許是王雪君的怨念太過強烈,讓隔了一個院子的楊天河都感受到了,順著看過去,雖然那人是在笑著,并且笑得很好看,可楊天河卻愣是覺得那小好像有些可怕。
不過,一想到是他們家不對,失禮在前,忙走過去,“大人,快里邊請。”瞧瞧,還真當自己是店小二了。
“哼。”王雪君倒是想拿喬,但他可以確定,那熊孩子和臭小子一定不會買他的賬,于是,冷哼一聲,借著楊天河這個臺階下了,大搖大擺地走了過去。
房間內,蔡博文看著站起身來的司月,一直就聽他姐說這婦人怎么樣?可看清他的面容時,心頭一震,眼神閃了閃,表情卻沒有半點改變。
蔡博文在看司月的時候,司月也在打量自家兒子口中的大人,她不是楊天河那粗枝大葉的性子,如果沒猜錯,這位便是安縣的父母官,蔡大人,每次楊天河一提起這位大人,就會將他腦子里所有夸贊的詞句都說一遍,只是,如今這位大人面無表情地抱著她兒子,這景象怎么看都有些嚇人。
“蔡大人,請坐。”司月一邊說,一邊到了杯水,放到四方桌靠門的位置。
蔡博文沒有多說,就在長凳子上坐下,端起杯子期間,還不忘不著痕跡地打量這司月,興高采烈地楊興寶掙扎著下了地,樂顛顛地跑到梳妝臺前,抱起他的點心盒子,又跑了回來,抱緊,動作熟練地爬上凳子,坐在蔡博文的旁邊,把盒子放在桌子上,打開,“大人,你吃吧,這都是我的點心,全都給你吃。”
蔡博文放下手中的杯子,看著一臉期待的楊興寶,終于,捏了捏他的臉蛋,見盒子里擺放得整整齊齊的點心,隨意挑了一個,放進嘴里,咽下之后,才開口說道:“很好吃。”
楊興寶就更開心了,小小的人兒已經估計已經完全找不到東南西北了。
“我說蔡博文,你個,”王雪君踏進房間,就想教訓自家不孝的徒弟,找回他身為師傅的面子,卻在看見司月的時候停了嘴,笑容有那么一瞬間的僵硬,隨后側頭看向蔡博文。
蔡博文微乎其微地搖頭,“師傅,坐吧。
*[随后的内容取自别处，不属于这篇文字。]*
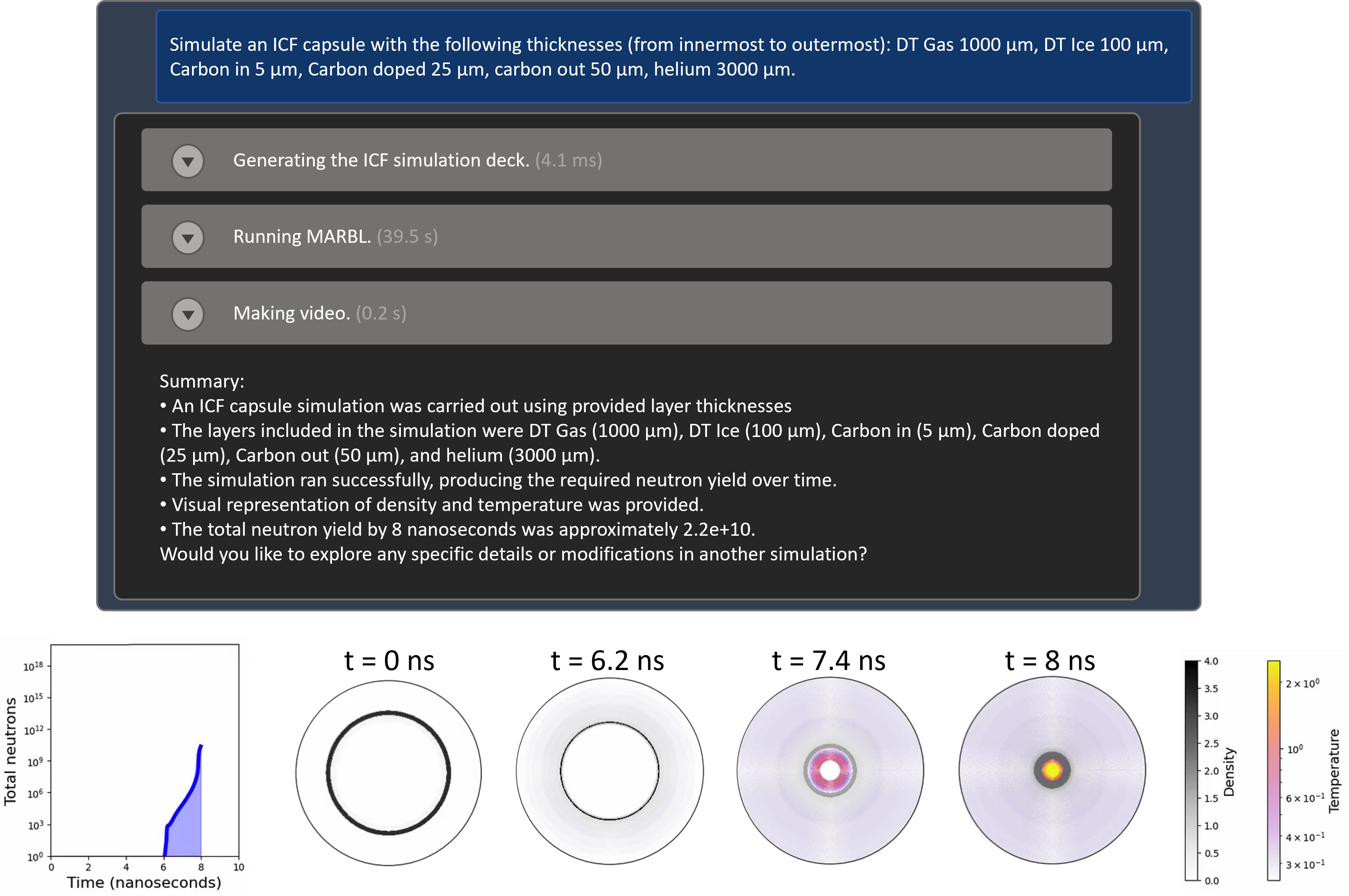 This iterative process is part of the LLNL-led Multi-Agent Design Assistant (MADA) project, which uses AI agents to create a design’s geometry, generate a simulation, summarize the results, and recommend additional solutions. For example, the user could change the thickness of an ICF capsule layer or an ingredient inside it, then ask the model how to increase the capsule’s total energy yield. Jekel noted, “The AI models have their own naïve understanding of complex physics like fusion energy. However, that understanding greatly expands when given the ability to execute our validated multiphysics simulations, which enable the AI systems to hypothesize and reason about why some designs perform better than others.”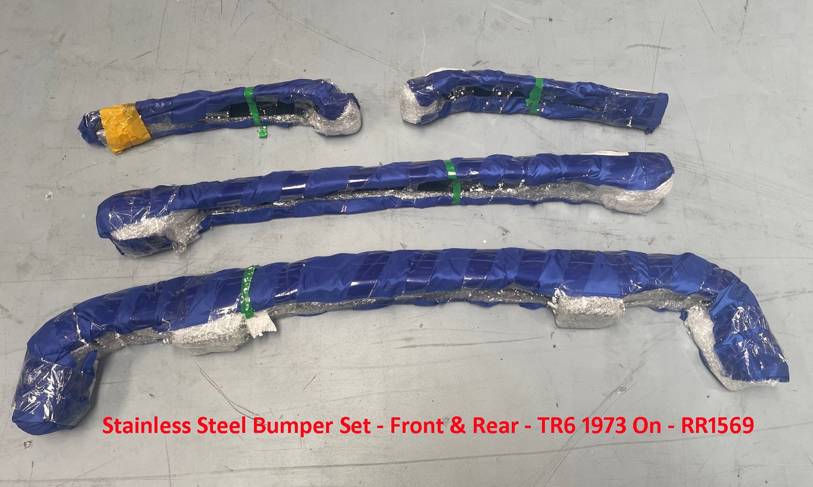 This is a full Stainless Steel Set of a bumper to suit the Triumph TR6 from 1973 onwards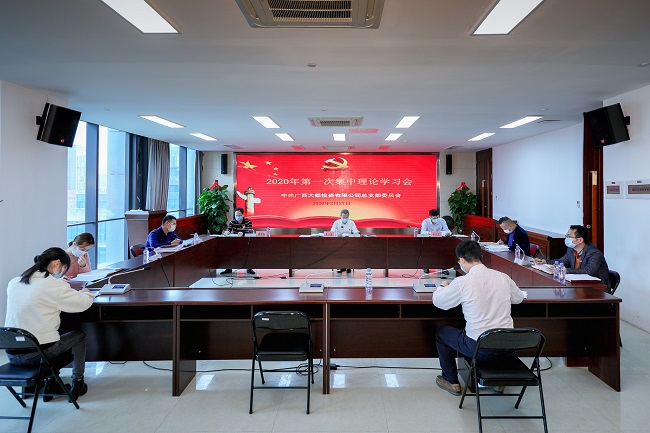 2月27日,广西大都投资有限公司党总支召开2020年第一次集中理论学习会,学习中国共产党第十九届中央纪律检查委员会第四次全体会议精神和《中国共产党国有企业基层组织工作条例(试行)》。公司党总支书记、董事长邓少新主持会议并作总结发言,公司在家领导班子成员韦式汇、胡朝春参加并发言。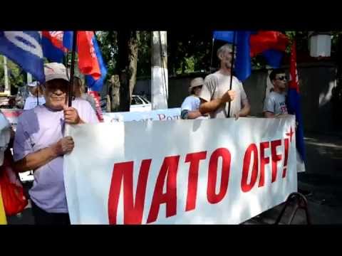 Они скандировали «Янки гоу хоум», «Мы не янки, мы – славяне, наши братья – россияне». Кроме того, в ходе акции протеста ПСПУшники вывесили на дереве плакат с изображение солдата НАТО, в которого начали метать яйца.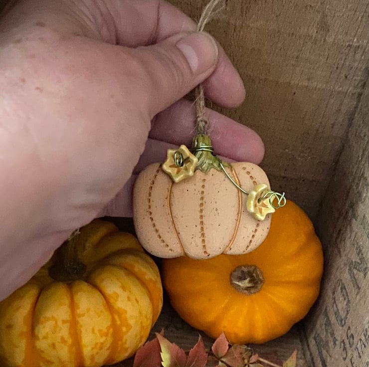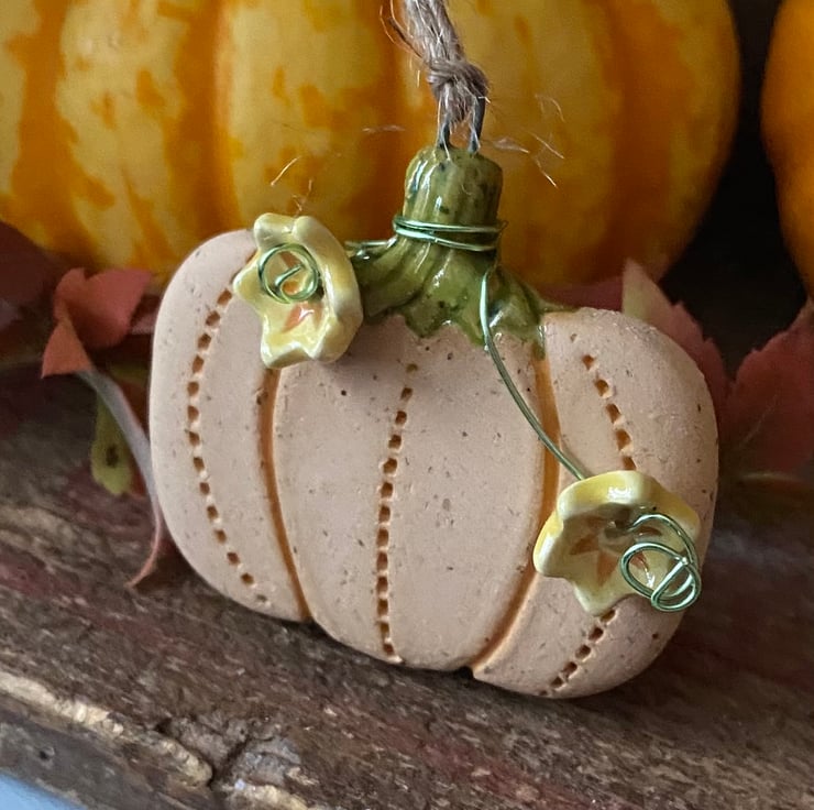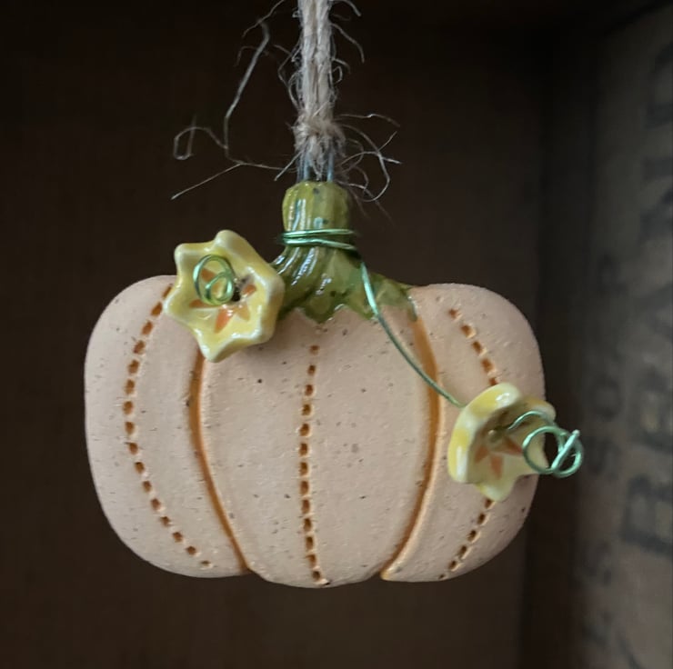 This ceramic pumpkin decoration has been made from speckled stoneware clay and finished with swirly wire additions and flowers. It has been fired twice and finished with bright glossy ceramic glazes. It measures 5cm x 4.5cm x 0.5cm deep and hangs from a brown string.

”指著他左邊的位置,開口說道。
“恩,”王雪君背在背后的手握了好幾下,才松開,不過,看著小小的房間,即使東西擺放的很合理,收拾得很干凈,也掩飾不了它的破爛和空間的狹小。
“大人,你也來了,餓不餓?餓了就吃點心吧,娘親做飯還有好一會呢。”楊興寶跪坐在長凳子上,又看到一個熟悉的人,臉上的笑容更燦爛了幾分。
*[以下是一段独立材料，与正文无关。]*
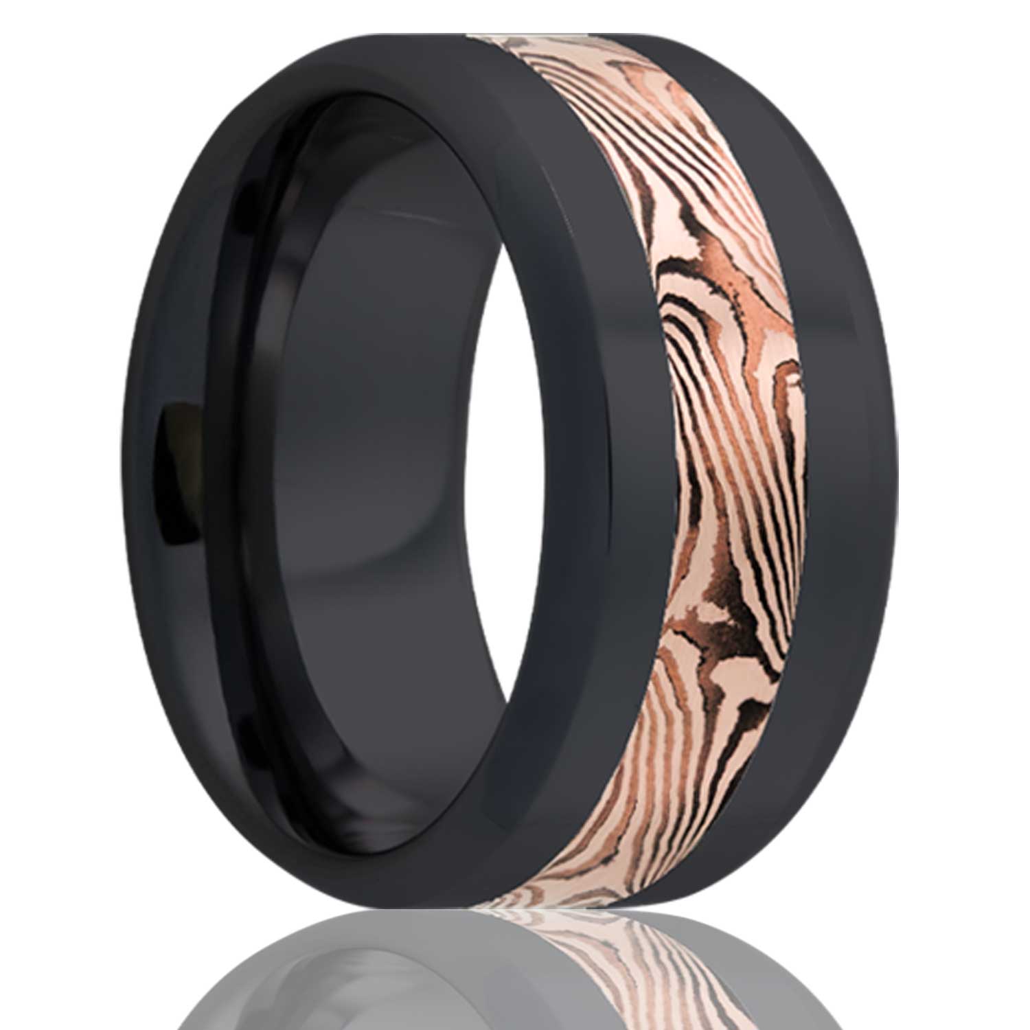 14k Rose Gold & Shakudo Mokume Gane Inlay Zirconium Wedding Band with Beveled Edges
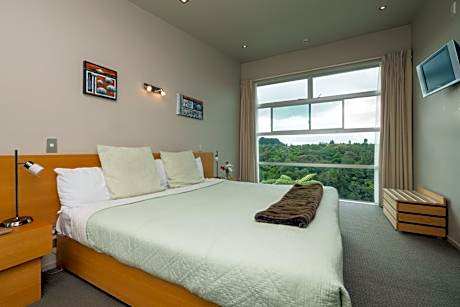 One Burgess Hill offers a choice of 15 self-contained units overlooking the stunning Waiwhakaiho River and native landscape. It provides modern rooms, some of which feature a wood burning fire and private outdoor spa. New Plymouth city center is a 5-minute drive from One Burgesshill. New Plymouth Airport is only a 15-minute drive away. Each studio and apartment features heating, flat-screen satellite TV. They are equipped with a microwave, a mini-fridge and an electric stove top with 2 hobs. Some come with a spa bath and air-conditioning. Guest laundry and BBQ facilities are available. Breakfast and dinner can be delivered to your room. It is a 5-minute drive to local restaurants. Our modern restaurant café is overlooking the beautiful Waiwakaiho River and native bush. We offer brunches, lunches, small plates and dinner menu.

恢復過來的王雪君眼神不滿地看著楊興寶,再一次冷哼,語氣很沖地說道:“我不餓,也不吃點心。”看著小孩那無知的臉,停頓了一下,“我渴了。”
“那我給你倒水。”楊興寶回神過來,伸手就去抓放在桌上的茶壺,司月和楊天河沒什么感覺,倒是把王雪君和蔡博文嚇了一跳,茶壺也被蔡博文搶先拿下。
“我來吧。”簡單地說完,給王雪君到了一杯水。
喝了一口之后,王雪君才放下茶杯,才看著站在一邊的楊天河和司月,“坐下吧。”
司月也不知道這個時代女人到底是怎么行禮的,所以,只是點頭之后,便在王雪君的對面坐下,楊天河跟上司月的腳步,與她在一方同坐一條凳子。
“咳咳,”王雪君干咳兩聲,得到蔡博文一個隱晦的白眼還有楊興寶關心的眼神后,“你們知道我是誰嗎?”
楊天河先搖頭,后點頭,拘束過后,他的腦子開始恢復正常,不過,這正常在別人眼里是完全的不正常,因為他已經想到了,按照年齡來看,此時坐在他對面的應該就是五弟口中的大儒,父親是皇上師傅的大儒,兄長是皇子先生的大儒,他的學生最低都是進士的大儒,這其中無論是哪一個,都讓楊天河這個平凡的農民崇拜和激動得發抖。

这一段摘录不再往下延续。